We have reviewed recent sentences of similar cases. In the matter of Rurema Deografius v Uganda Criminal Appeal 185 of 2011 [2024] UGCA 254, the Court upheld the sentence of 22 years for aggravated defilement where the Appellant defiled a 10-year-old girl.
In the recent case of Kwezira Jonan v Uganda Criminal Appeal No. 195 of 2014, delivered on 3rd September 2024, a sentence of 21 years for Aggravated defilement of an 8-year-old girl, was reduced to 18 years from the date of conviction.
In conclusion, we align ourselves with Tusabe John Bosco case (supra) and the recent case of Kwezira Jonan (supra).

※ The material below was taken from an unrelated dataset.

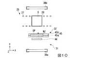 ノズル駆動部NAは、ノズルNZをX方向に移動させる。ノズル駆動部NAは、リニアモータ機構を構成する固定子40及び可動子41を有している。なお、ノズル駆動部NAとしては、例えばボールスクリュー機構など、他の駆動機構が用いられた構成であっても構わない。固定子40は、Y方向に延在されている。固定子40は、支持フレーム38に支持されている。支持フレーム38は、第一フレーム38a及び第二フレーム38bを有している。第一フレーム38aは、処理室20aの−Y側端部に配置されている。第二フレーム38bは、処理室20aのうち第一フレーム38aとの間で処理ステージ28を挟む位置に配置されている。  The nozzle driving unit NA moves the nozzle NZ in the X direction. The nozzle driving unit NA has a

The Appellant was 23 years old at the time of committing the offence. The Court also considers the age of the victim at the time of the commission of the offence, and the fact that sexual offences are rampant and call for a deterrent sentence. Be that as it may the latest precedents give a range of approximately 14-22 years for similar offences of that nature.
On account of the aforesaid, we allow the appeal against sentence and set aside the sentence of the Trial Court. We shall now proceed to sentence the Appellant afresh pursuant to Section 11 of the **Judicature Act Cap 13** which provides as follows:
"... For the purpose of hearing and determining an appeal, the Court of Appeal shall have all the powers, authority and jurisdiction vested under any written law in the Court from the exercise of the original jurisdiction of which the appeal originally emanated."
The sentence of 21 years' imprisonment be quashed and replaced with that of 18 years' imprisonment as the appropriate sentence in the circumstances of this case. From that Sentence, we deduct the period of 2 years and 4 months spent by the Appellant on pre-trial remand. Accordingly, the Appellant shall serve a term of 17 years and 8 months from the date of conviction 27<sup>th</sup> September, 2012 taking into account all the mitigating and aggravating factors.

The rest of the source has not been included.